Chalcones are known to induce apoptosis in several cancer cells, being able to up regulate more than 15 pro-apoptotic markers expression, such as Bad, Bax, Bid, Bim, CD40, Fas, IGFBP-5, IGFBP-6, p21, and sTNF-R116. Hsu and Bortolloto and their respective collaborators have demonstrated pro-apoptotic activity of unsubstituted chalcone against MCF-7 breast cancer cells,. These authors have described intrinsic apoptotic pathway induced by unsubstituted chalcone, with inhibition of Bcl-2 and induction of Bax apoptotic markers.

Effect of selected chalcones 11 and 17 on Sp1 and p53 proteins expression

MCF-7 and MDA-MB-231 lines have demonstrated wild and mutant p53 protein, respectively. Thus, we selected MCF-7 to conduct molecular target experiments. Western blot assay was performed to evaluate effect of chalcones 11 and 17 on p53 and Sp1 proteins expression in MCF-7 line for 24 h at 10 and 20 µM (Figure 3).

Figure 3.

Effect of selected chalcones 11 and 17 on Sp1 and p53 proteins expression in MCF-7 cell line.
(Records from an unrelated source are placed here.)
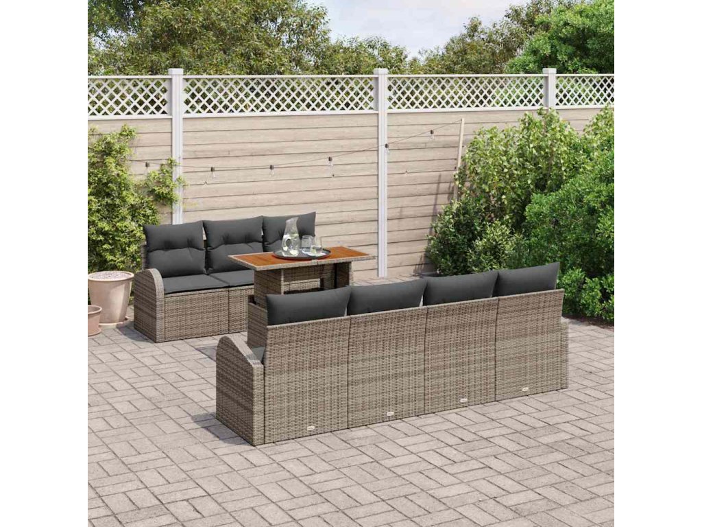 Sada zahradních pohovek s úložištěm 8 pcs Šedá Poly ratan 3358281
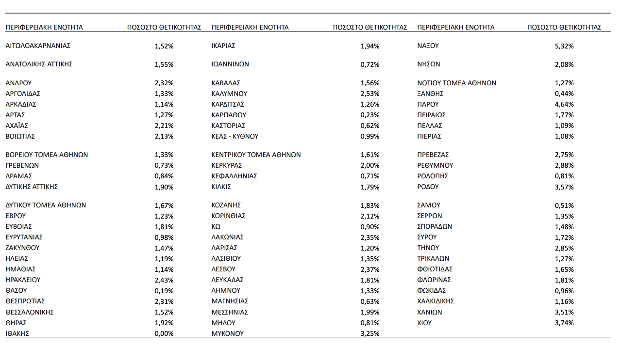 Συγκεντρωτικά στοιχεία της εβδομάδας 02 Αυγούστου 2021 – 08 Αυγούστου 2021 (2021-W31) Την εβδομάδα 02 Αυγούστου 2021 – 08 Αυγούστου 2021 (2021-W31) το ποσοστό θετικότητας ήταν 3.05% σε σύνολο 623.985 εργαστηριακών ελέγχων (RT-PCR/Rapid-Ag) και 0.79% σε σύνολο 709.364 αυτοδιαγνωστικών ελέγχων. Στο σύνολο των ελέγχων, το ποσοστό θετικότητας ήταν 1.47%. Πίνακας 3: Ποσοστό θετικότητας στο σύνολο των ελέγχων ανά Περιφερειακή Ενότητα με δεδομένα από 02 Αυγούστου 2021 έως 08 Αυγούστου 2021 (2021-W31)
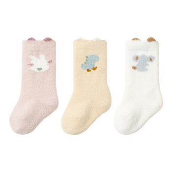 婴儿袜子秋冬宝宝加绒加厚保暖半边绒袜新生儿无骨袜男女童中筒袜
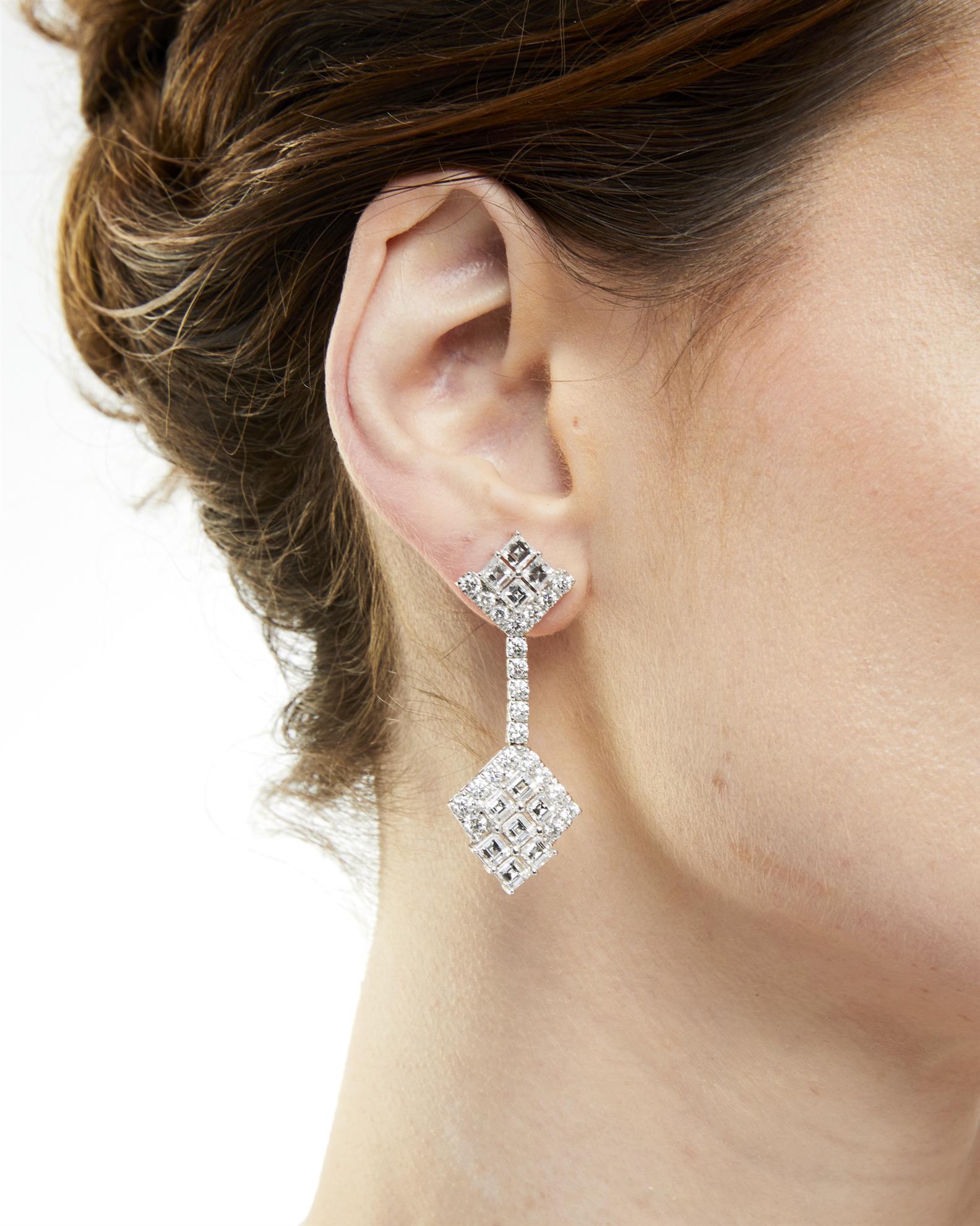 Each terminating in a cluster swing drop claw-set with carré and brilliant-cut diamonds suspended from a cluster surmount similarly set between a line of claw-set brilliant-cut diamonds, the diamonds together stated to weigh 10.30 carats, mounted in 18ct white gold, length 50mm, post and scroll fittings.
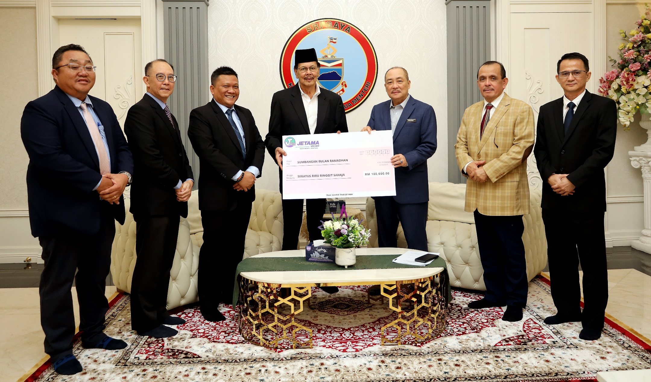 KOTA KINABALU: Syarikat konsesi air, Jetama Sdn Bhd menyampaikan sumbangan Ramadan berjumlah RM100,000 kepada kerajaan negeri.
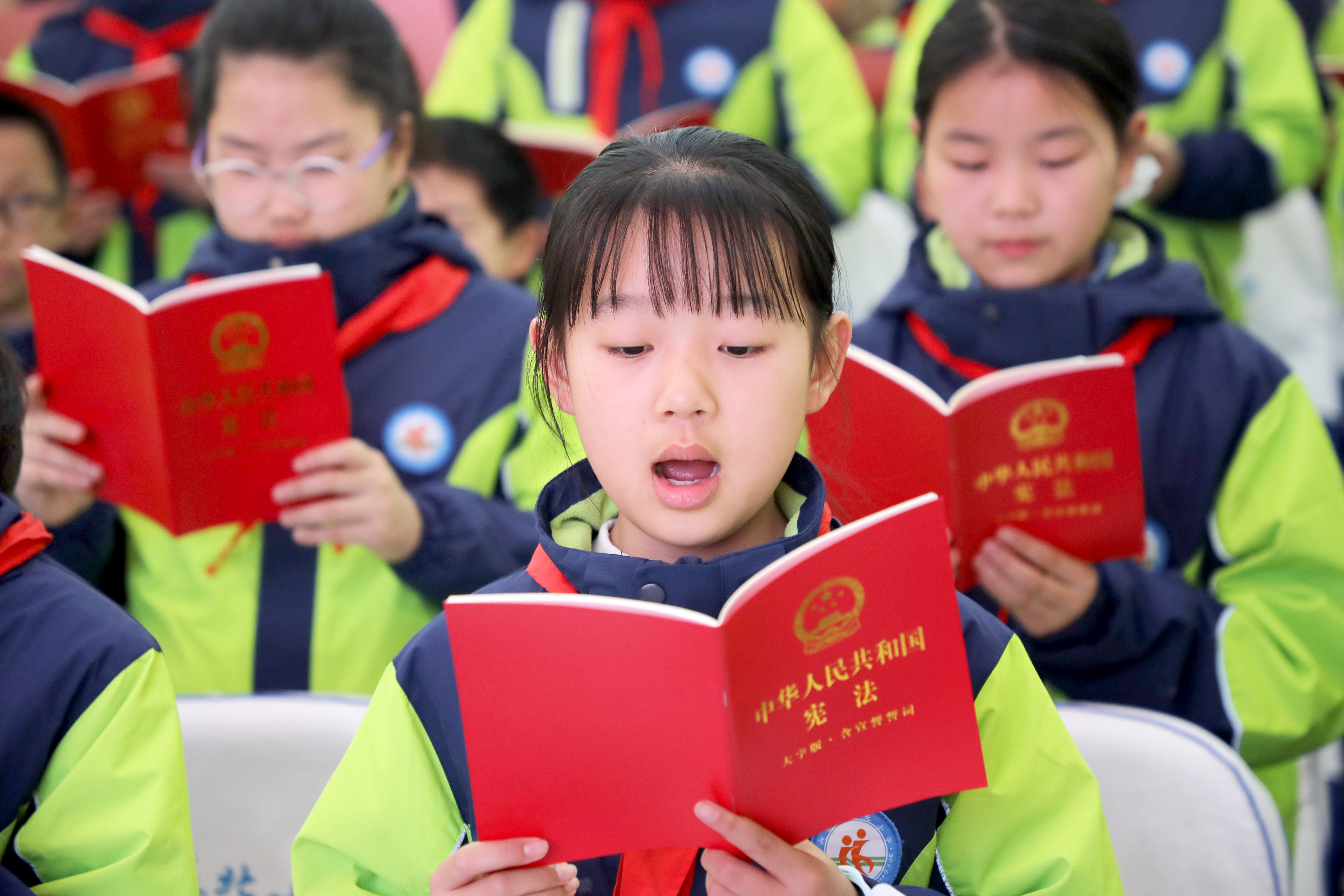 安徽省六安市城北小学的同学们在朗读宪法。 通讯员 田凯平 摄

Sp1 protein is transcription factor involved in cell proliferation and differentiation. In breast cancers, it acts on invasion and metastasis processes,, and has been classified as marker for poor prognosis. Chalcones 11 and 17 were not able to modulate Sp1 protein expression, at either concentration, presenting similar effect to DMSO 0.1% (negative control).

p53 protein is tumour suppressor and its mutated status has been related to several types of cancers. Expression of p53 in breast cancer cells varies according to its classification,. ER-positive and ER-negative cancer types have wild-type p53 and mutated protein forms, respectively. Activation and stabilisation of wild-type p53 induce cell-cycle arrest and cell death through apoptosis, reducing cancer progression. This cell pathway has been recognised as attractive target to simple and low-weight-molecular compounds with promising antineoplastic potential. Chalcones 11 and 17 induced 5-fold upregulation of p53 expression in MCF-7 cells (Figure 3), indicating these compounds are able to activate and stabilise p53 protein expression. This result is the first evaluation of low-molecular-weight compounds against breast cancer cells. In this context, methoxychalcones and naphthylchalcones have been described as agents of p53 activation and stabilisation in prostate cancer and osteosarcoma cell lines, respectively,.

Conclusions

In summary, we reported activity of series of 20 chalcones against two types of breast cancer cells, ER-positive (MCF-7 line) and TNBC (MDA-MB-231 line). Preliminary investigations suggested halogens on ring B and additional benzene rings play central role in antiproliferative activity. Basic chalcones 11 and 17 were antiproliferative agents under acidosis (at pH 6.7), displaying resistance to ion-trapping effect. These compounds induced apoptosis rather than necrosis in both cells, upregulating p53 expression in ER-positive cells (MCF-7 line).